What's the matter? In fact, the processing flow of NSProxy after receiving the message is as follows

• [proxyObj message]
• (1) Look for the corresponding method in the class object of proxyObj and call it if you find it.
• (2) Attempt to enter the parent object recursive lookup method (omit this step)
• (3) unable to find a method, try to do dynamic analysis of the method (omit this step)
• (4) Attempt to call forwarding Target ForSelector for message forwarding `(omit this step)
• (5) Attempt to call method Signature ForSelector + forward Invocation for message forwarding.

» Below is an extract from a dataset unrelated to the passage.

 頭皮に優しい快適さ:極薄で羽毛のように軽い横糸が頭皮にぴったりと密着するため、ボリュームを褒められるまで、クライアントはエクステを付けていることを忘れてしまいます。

Therefore, compared with the complete message mechanism process, steps (2), (3) and (4) are omitted in the processing of NSProxy. So it is more efficient than NSObject. The problem of proxy object messaging discussed today can be solved by NSProxy to improve efficiency. To eradicate step (5), we only need to implement the method Signature ForSelector + forward Invocation methods in the subclass. The CLP Roxy 2.m code above can be modified as follows

#import "CLProxy2.h"

@implementation CLProxy2

+(instancetype)proxyWithTarget: (id)target {
//The NSProxy object does not need to call init because it has no init method and can be used directly after alloc.
    CLProxy2 *proxy = [CLProxy2 alloc];
    proxy.target = target;
    return proxy;
    
}


-(NSMethodSignature *)methodSignatureForSelector:(SEL)sel {
    return [self.target methodSignatureForSelector:sel];
}

-(void)forwardInvocation:(NSInvocation *)invocation {
    invocation.target = self.target;
    [invocation invoke];
}

@end

Later, when we encounter similar scenarios where messages are delivered through intermediary objects, the most recommended one is to use NSProxy.

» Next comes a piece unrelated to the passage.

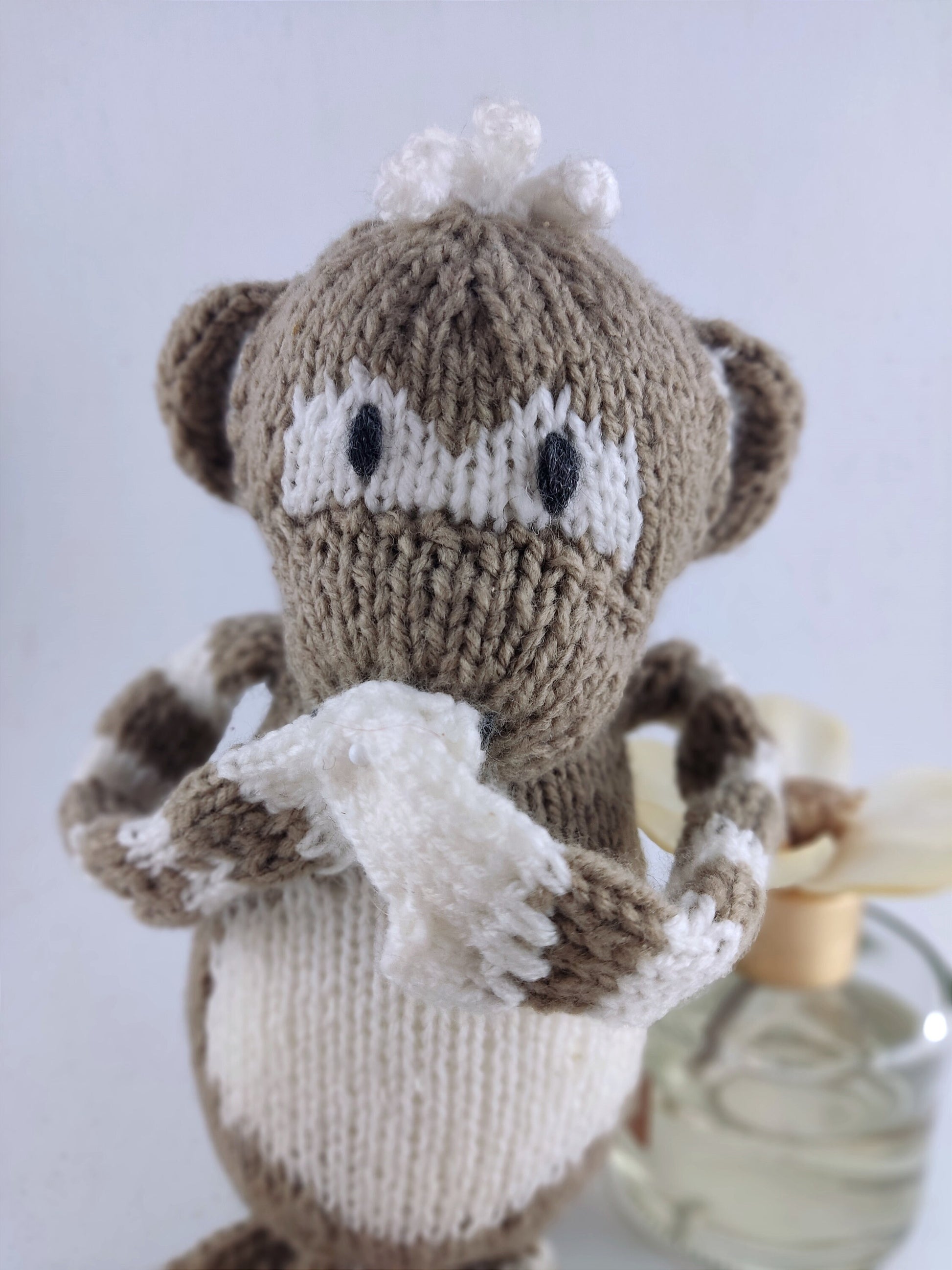 This is a cute knitted little monkey with a happy smiling face, soft and flexible.

Believe in the answer, everyone will say: not on time. But the reason for the punctuality may not be clear to everyone. So here's a brief comb.
The bottom layers of CADisplayLink and NSTimer are implemented by RunLoop, which can be understood as events that RunLoop needs to handle. We know that RunLoop can be used to refresh UI, handle timers (CADisplayLink, NSTimer), handle click-and-slide events, and many other things. Here, you need to understand how RunLoop triggers the NSTimer task. RunLoop handles certain events and takes a certain amount of time for each cycle, but the exact amount of time is uncertain.
If you turn on a timer and trigger the timer event every second, RunLoop will start accumulating the time spent in each cycle, when the time accumulates enough for one second, the timer event will be triggered. If you are interested, you can find time to accumulate the relevant code in RunLoop's source code. You can deepen your understanding with the help of the following figure
If RunLoop's tasks are too heavy in a particular circle, the following may occur

So CADisplayLink and NSTimer can't guarantee punctuality.

GCD Timer

GCD timers are directly linked to the system kernel, independent of the RunLoop mechanism, so the time is quite accurate. The GCD timer is very simple to use, as shown below.

@interface ViewController ()
@property (nonatomic, strong) dispatch_source_t timer;
@end

@implementation ViewController

- (void)viewDidLoad {
    [super viewDidLoad];
    //Initialization timer
    self.timer = dispatch_source_create(DISPATCH_SOURCE_TYPE_TIMER, 0, 0, dispatch_get_main_queue());
    //start time
    dispatch_time_t startTime = dispatch_time(DISPATCH_TIME_NOW, 3.0*NSEC_PER_SEC);
    //Interval time
    uint64_t intervalTime = 1.0;
    //Error time
    uint64_t leewayTime = 0;
    //Setting Timer Time
    dispatch_source_set_timer(self.timer, startTime, 1.0 * NSEC_PER_SEC, 0 * NSEC_PER_SEC);
    //Setting Timer Callback Events
    dispatch_source_set_event_handler(self.timer, ^{
        //Timer Event Code
        NSLog(@"GCD timer event");
        //If the timer does not need to be repeated, you can cancel the timer here.
        dispatch_source_cancel(self.timer);
    });
    //Running Timer
    dispatch_resume(self.timer);
    
}

In addition, it should be noted that in the ARC environment, some objects created in the GCD do not need to be destroyed. GCD has already helped us with memory management.